We’ve all been there. After what seems like a century and a half of terrible OkCupid dates, almost-good Tinder connections and a couple of failed friends-with-benefits, you finally meet someone who seems like he’s not a completely terrible person. In fact, he seems like a pretty solidly decent human being. No, it’s more than that: he is amazing.
It starts innocently enough – you feel a spark and have the kind of first date that makes you want to write pages upon pages in your journal (or makes you wish you had a journal, because the cute way he remembered your drink order and opened the door for you seems like the type of thing you should be documenting). Then, before you know it, you start spending all your time together. You have someone to go to farmers markets with, dammit, and this is the most amazing feeling in the world. You have someone to eat brunch with. And regular lunch. And dinner. And late-night snacks. A few months fly by, and holy shit, when was the last time you hung out with your friends? Other than drinks you had a few months ago (time you spent gushing about this new guy) and the dinner party you hosted so your friend group could meet him, you haven’t spent any quality time with the people who knew you B.R. (Before Relationship.) You quickly realize that, wow, you’ve been kind of a bad friend.
Your friends, however, have not been late to notice. In fact, they knew this was going to happen. From the moment you said “we had an instant connection,” your bestie and your college friends and even your ex-coworkers that you occasionally have catch-up drinks with knew that they had lost you – at least for a little while. You were headed straight towards the exit door of your friendship towards the land of consistent – and meaningful – sex.
When you enter a relationship, it’s okay to kind of be a dick to your friends. It’s expected, even. If your friends are cool, they’ll get it. Sure, they might make fun of your gushy Facebook statuses behind your back, but if they’re really your friends, they do want you to be happy. It’s pretty common that when you meet someone you really, really like, they’ll probably see neither hide nor hair of you for at least one season. You’ll be busy – going to plays, meeting parents and doing other Pinterest-worthy things with your new person. Sundays that were once reserved for boozey brunches will now be spent in bed, cuddling and watching funny YouTubes with a guy your friends have only met once for drinks.
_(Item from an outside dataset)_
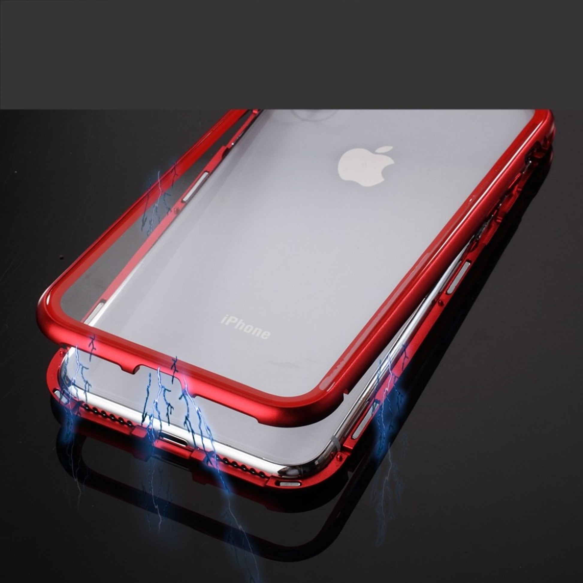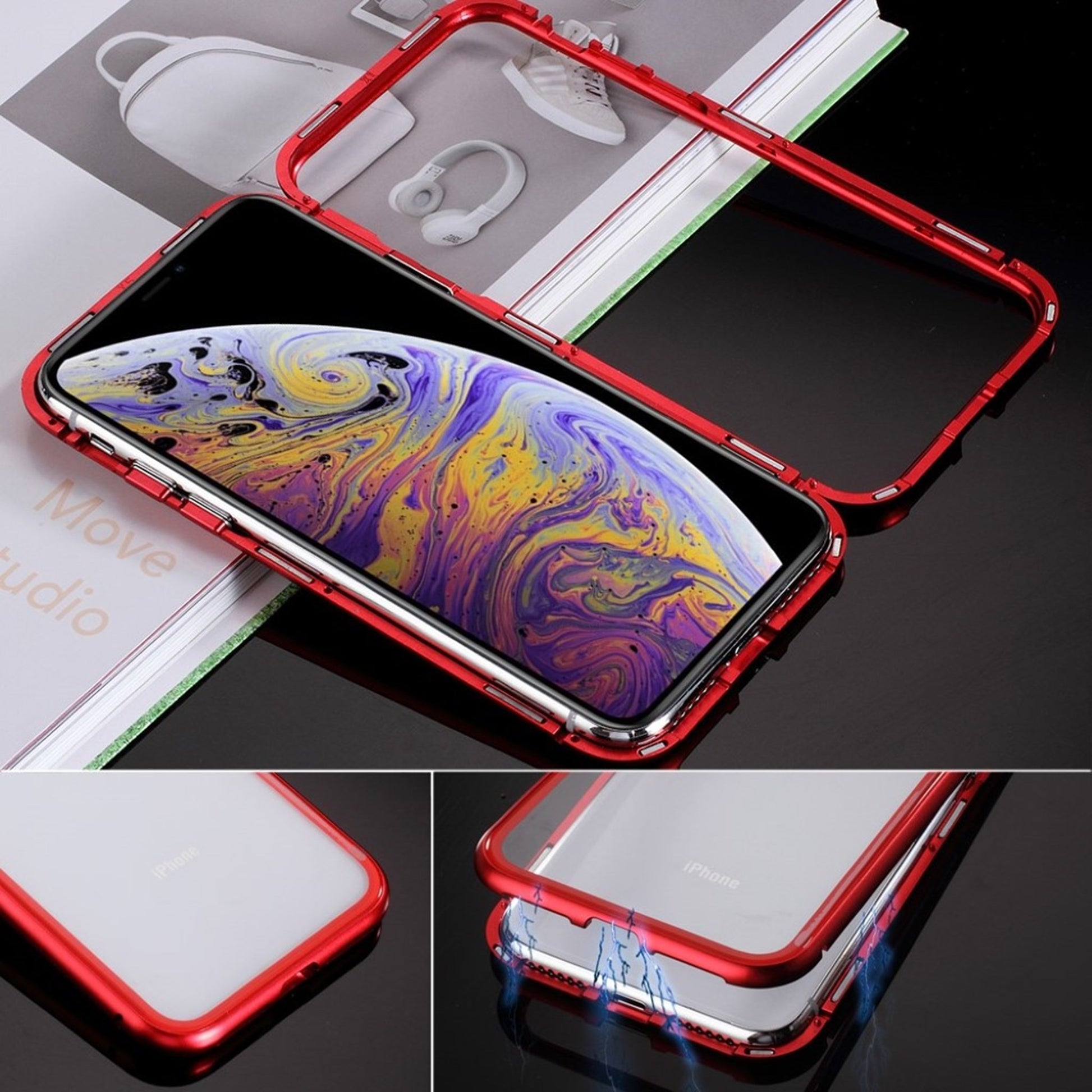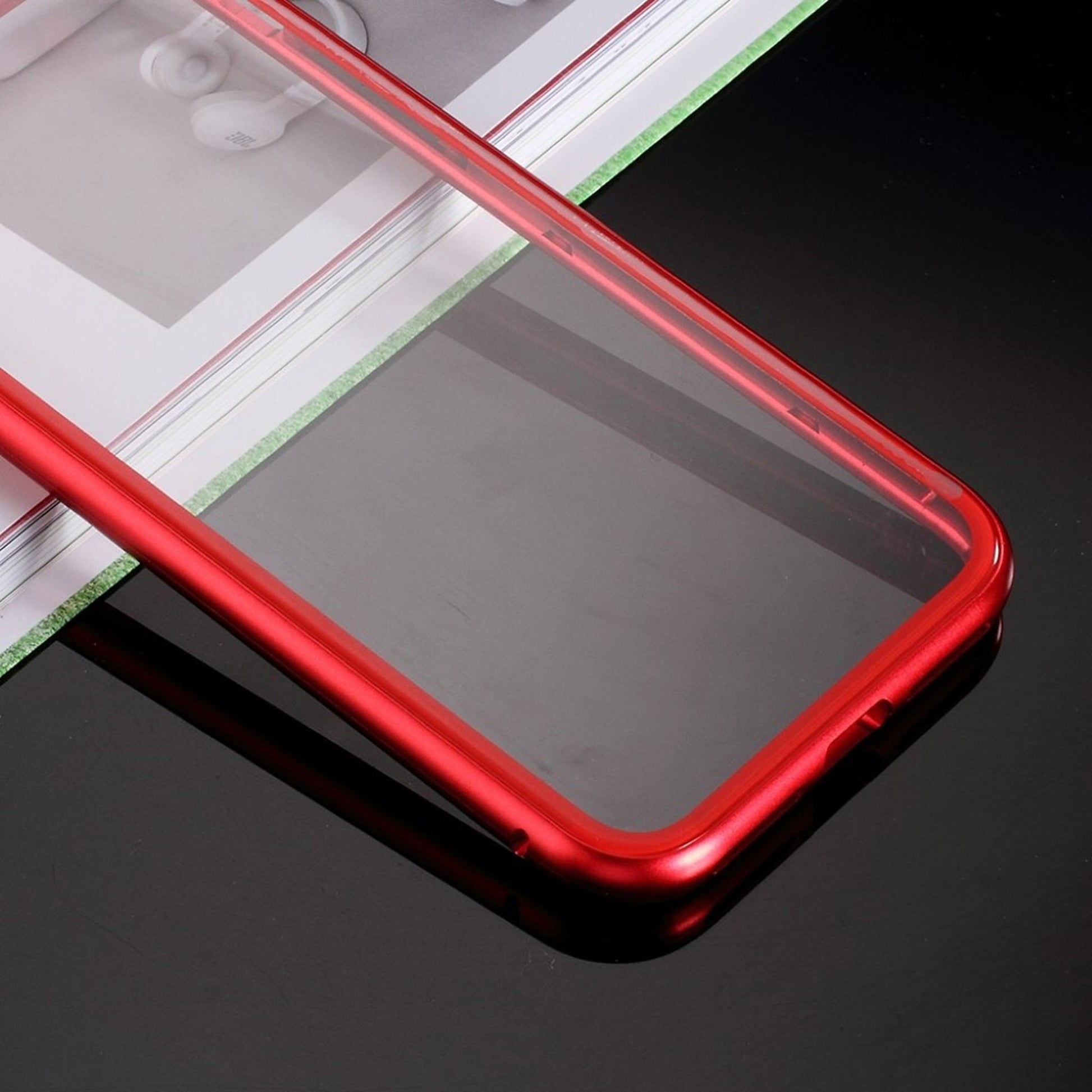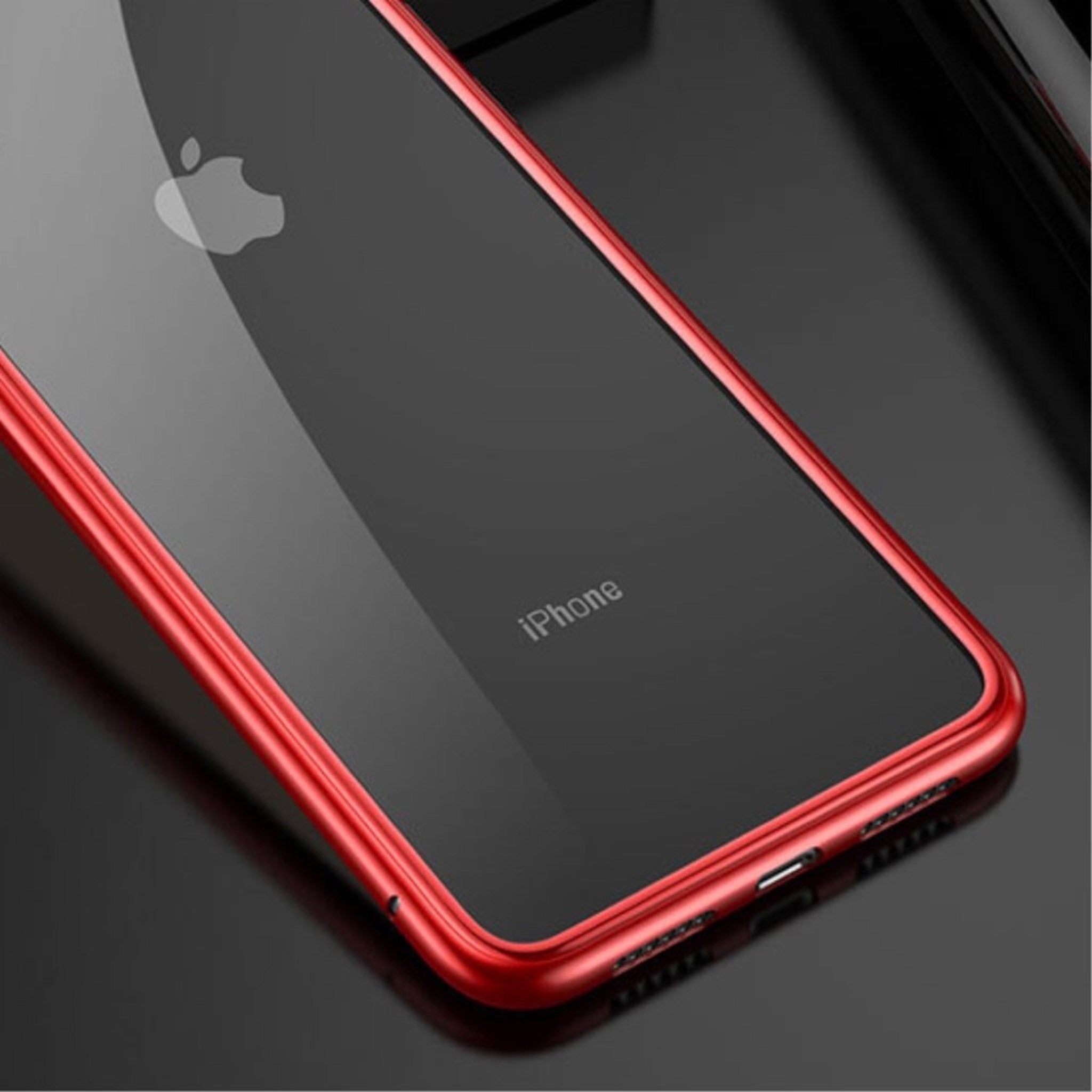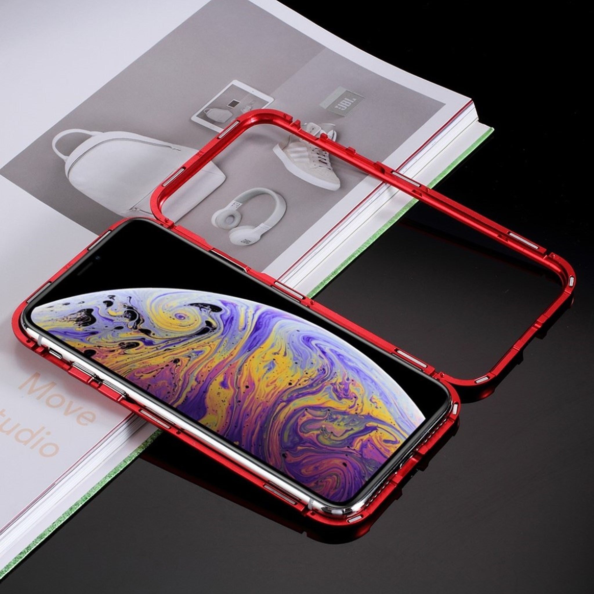 Etui ze szkła hartowanego z metalową ramką do iPhone'a Xr - Czerwone
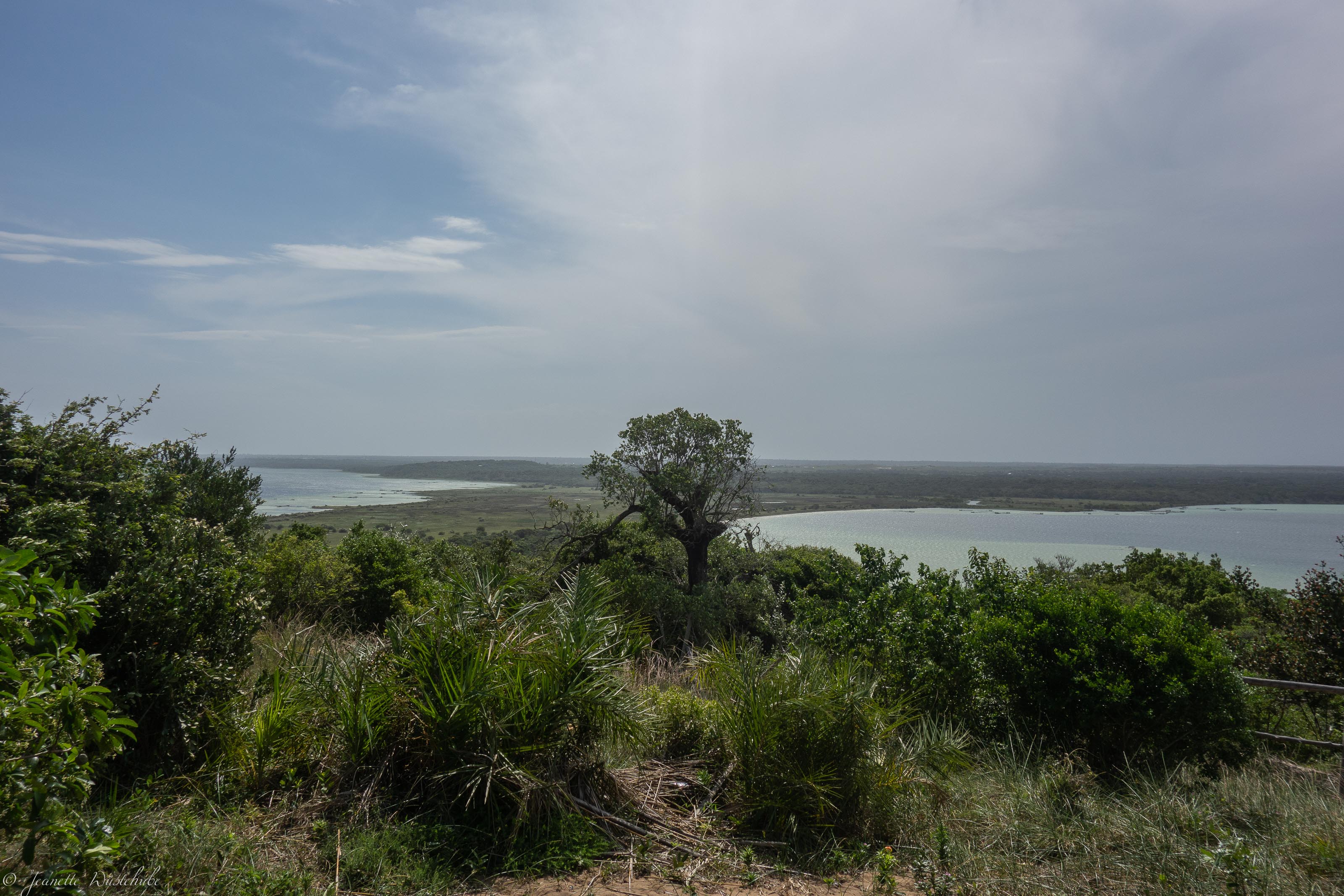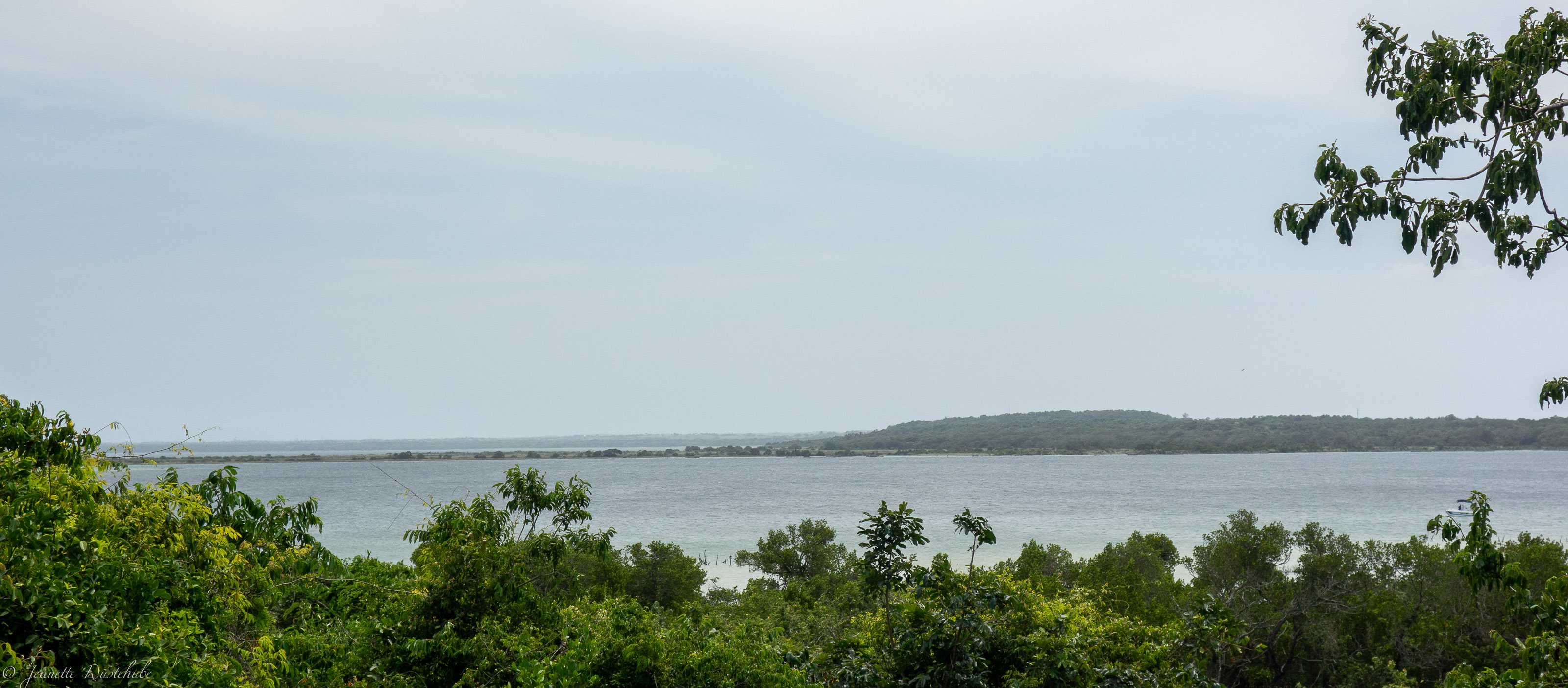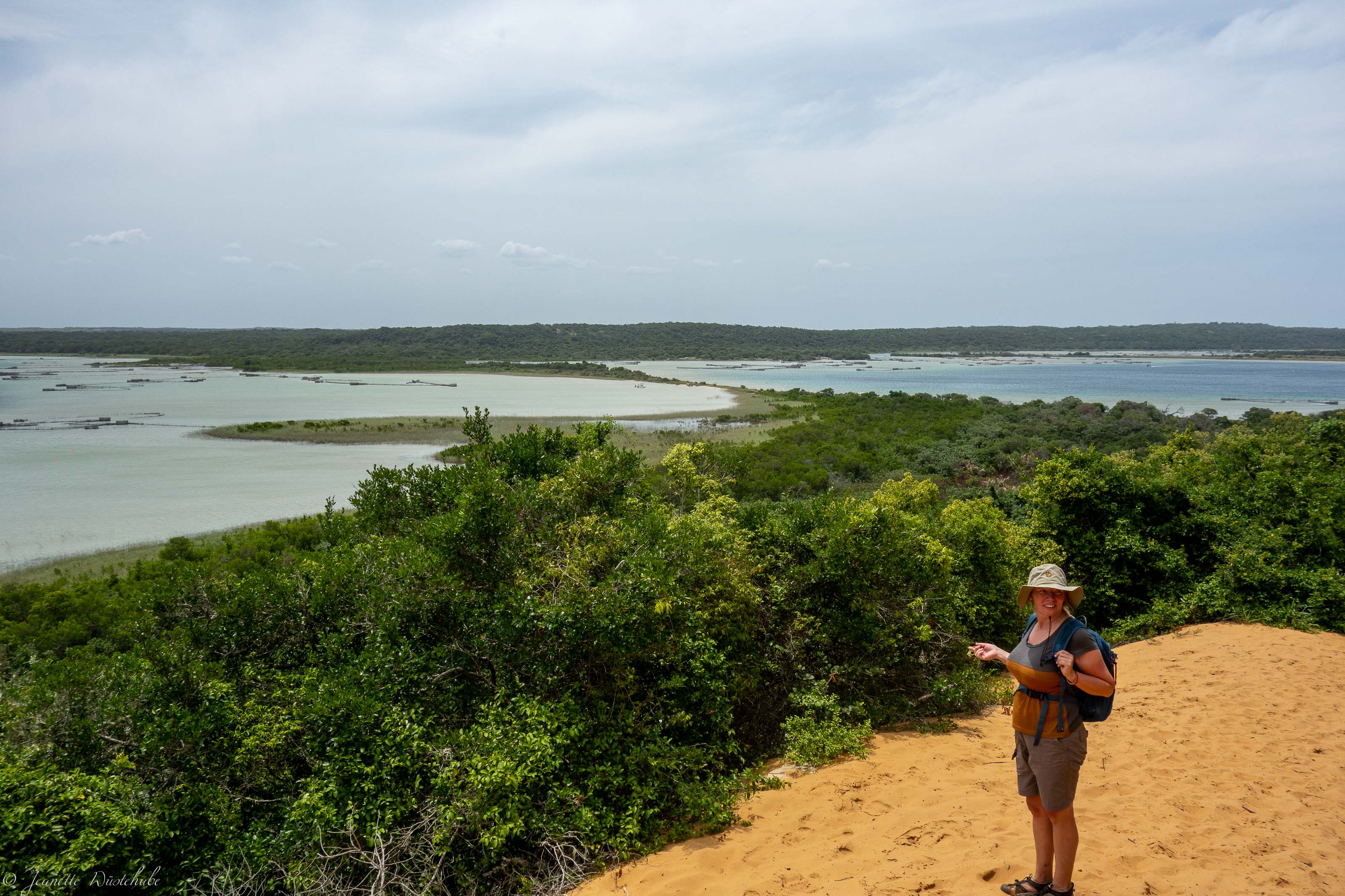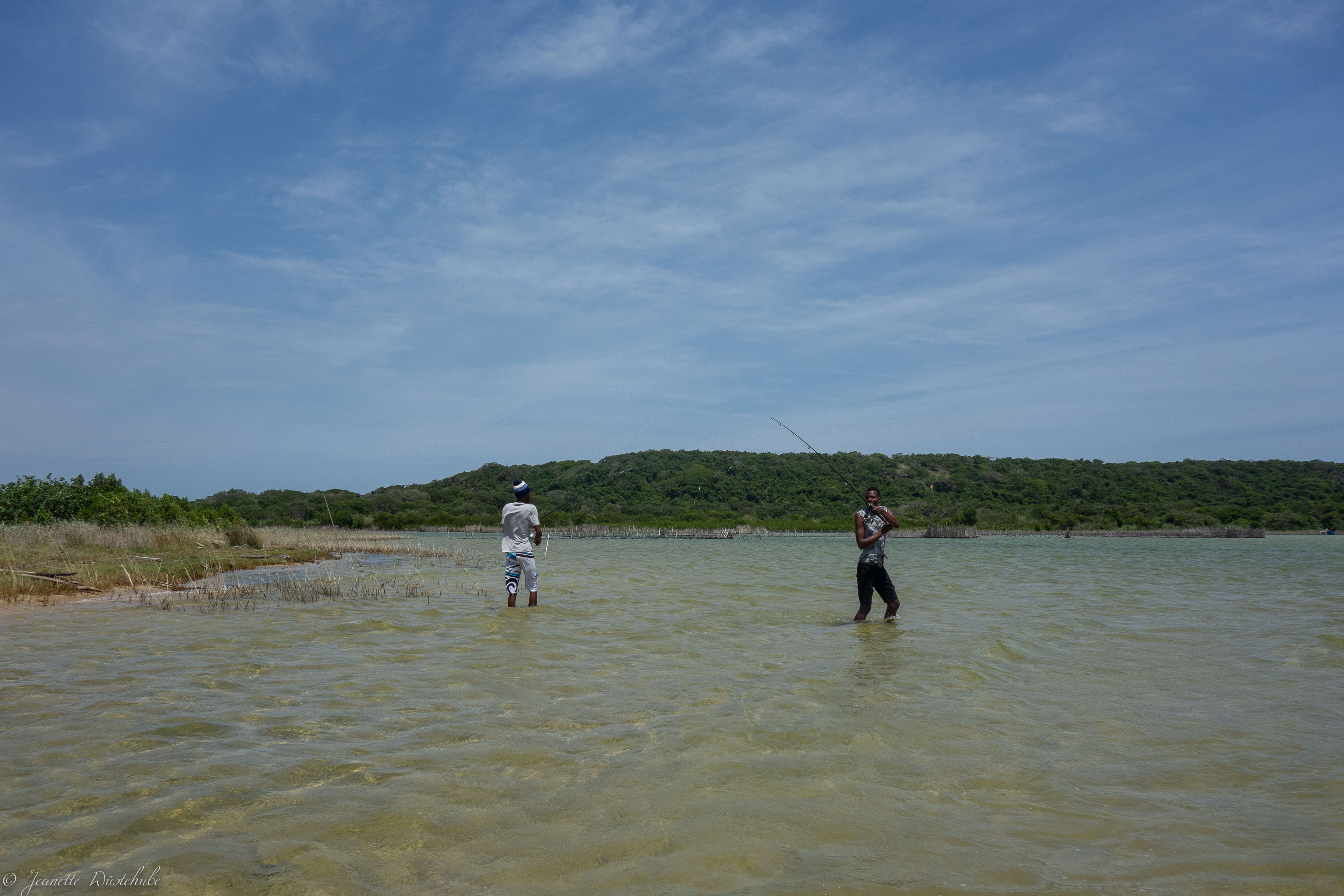 Die Zäune halten auch nur ungefähr ein Jahr und sind den Witterungen und Stürmen ausgeliefert, so dass immer etwas ausgebessert werden muss. Raymond lief mit den Kingfishs für unser Lunch in sein Dorf. Seine Frau und seine Tochter würden diesen für uns zubereiten. Wir gingen mit seinem Bruder Patrick langsam hinterher. Es ging die bewachsenen Dünen hinauf, was sehr anstrengend war, von wo man aber einen schönen Blick auf das Seen-System hatte und wir waren ausgehungert, als wir endlich in Patricks Dorf ankamen. Wir durften kurz in die Töpfe spitzen, in denen auf offenem Feuer der Fisch und der Maisbrei und Weißkohl köchelten. Ein paar Minuten später war es dann soweit und Patrick entgrätete den Fisch für uns. Besonders der mit Curry angemachte Kohl war köstlich und ich fragte mich, warum bei uns nicht auch manchmal Maisbrei auf den Tisch kommt. Auch der Fisch schmeckte klasse und frischeren Fisch konnten wir nirgends bekommen 🙂 Nach dem Essen rief Patrick seine Nichte, damit diese den Tisch abräumen konnte. Er packte nicht mit an. Das ist Aufgabe der Frauen.

But eventually, you’ll realize that while you used to meet your girls for margaritas on a bi-weekly basis, you’ve now forgotten to respond to their last couple of texts. You’ve turned into the person you never thought you’d be: The Girl With A Boyfriend. Will your friends ever forgive you? Will you be welcomed back into the Ladies That Brunch? Can you find a good medium between being a girl who has someone meaningful in her bed but also has friends and a social life?
The good news is, you kind of have a pass. As long as your temporary Dicks-Before-Chicks phase hasn’t lasted too long (a good unit of measure is about six months), your friends should understand – no matter how many #MCM Instagrams you’ve already posted. Good friendships transcend the new relationship phase. Your best girls want you to be happy – but they want to be able to hang out with you, too. Everyone has their limits, though, and if you’re the girl that perpetually puts her guy before her gals, you will permanently lose friends. So once you come to the realization (hopefully sooner rather than later) that you need your ride-or-die friends, reach out. They should be there, welcoming you with open arms – and a good-natured joke about your coupled-up profile picture. Just make sure to acknowledge your bad behavior, buy a round a drinks, and promise not to get amnesia every time you enter a new relationship, and you should be good. At least until one of your friends has a good Tinder date. Then the roles will be reversed and it’ll be your turn to remember what it’s like to be young, in love and kind of an asshole to your friends.